Bug #26464
openStackoverflow in NodeStatusReports event computing
Description
On load, we get an XSS in ComputeNodeStatusReportServiceImpl:
2025-03-04 06:40:42+0100 INFO policy.generation.timing - Policy generation succeeded in: 1 min 49 s 2025-03-04 06:40:42+0100 INFO policy.generation.manager - Successful policy update '740168' [started 2025-03-04 06:38:53 - ended 2025-03-04 06:40:42] java.lang.StackOverflowError at java.base/java.lang.invoke.DirectMethodHandle.allocateInstance(DirectMethodHandle.java:520) at com.normation.rudder.services.reports.ComputeNodeStatusReportServiceImpl.$anonfun$groupQueueActionByType$1(ComputeNodeStatusReportService.scala:373) at scala.Option.map(Option.scala:242) at com.normation.rudder.services.reports.ComputeNodeStatusReportServiceImpl.groupQueueActionByType(ComputeNodeStatusReportService.scala:372) at com.normation.rudder.services.reports.ComputeNodeStatusReportServiceImpl.$anonfun$groupQueueActionByType$1(ComputeNodeStatusReportService.scala:373) at scala.Option.map(Option.scala:242) at com.normation.rudder.services.reports.ComputeNodeStatusReportServiceImpl.groupQueueActionByType(ComputeNodeStatusReportService.scala:372) at com.normation.rudder.services.reports.ComputeNodeStatusReportServiceImpl.$anonfun$groupQueueActionByType$1(ComputeNodeStatusReportService.scala:373) at scala.Option.map(Option.scala:242) at com.normation.rudder.services.reports.ComputeNodeStatusReportServiceImpl.groupQueueActionByType(ComputeNodeStatusReportService.scala:372) at com.normation.rudder.services.reports.ComputeNodeStatusReportServiceImpl.$anonfun$groupQueueActionByType$1(ComputeNodeStatusReportService.scala:373) at scala.Option.map(Option.scala:242) (and loop on the last 3 lines)
WORKAROUND
This can be workarounded by increasing the stack size - which also point to a real system contention, and not a logic bug:
=> add -Xss64m
to the GC parameters in @/etc/default/rudder-jetty@alexandre.brianceau
It then may happen that jetty refuse to start because it is killed by systemd before having fully processed the old things.

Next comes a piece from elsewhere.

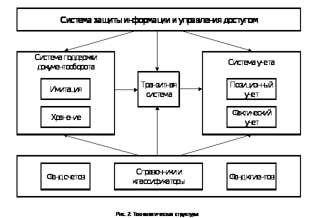 Во “внутренней организации” системы можно выделить три основные составляющие: систему защиты информации и управления доступом, систему учета и систему обеспечения документооборота (Рис.2. Технологическая структура. Приложение №1).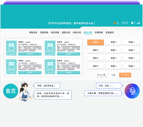 在導診機器人屏幕端可部署關于醫院的相關介紹及特色,同時展示每個科室介紹內容。

You may need to force stop jetty, and perhaps wait for the agent to repair things, and perhaps wait a couple of generation/report processing before compliance converge back to green.
It looks like a real XSS because the groupBy is not stack safe, but we need to investigate, understand to root cause, and correct it.
The observed instance was Rudder 8.2.4 but nothing changed in more recent version here.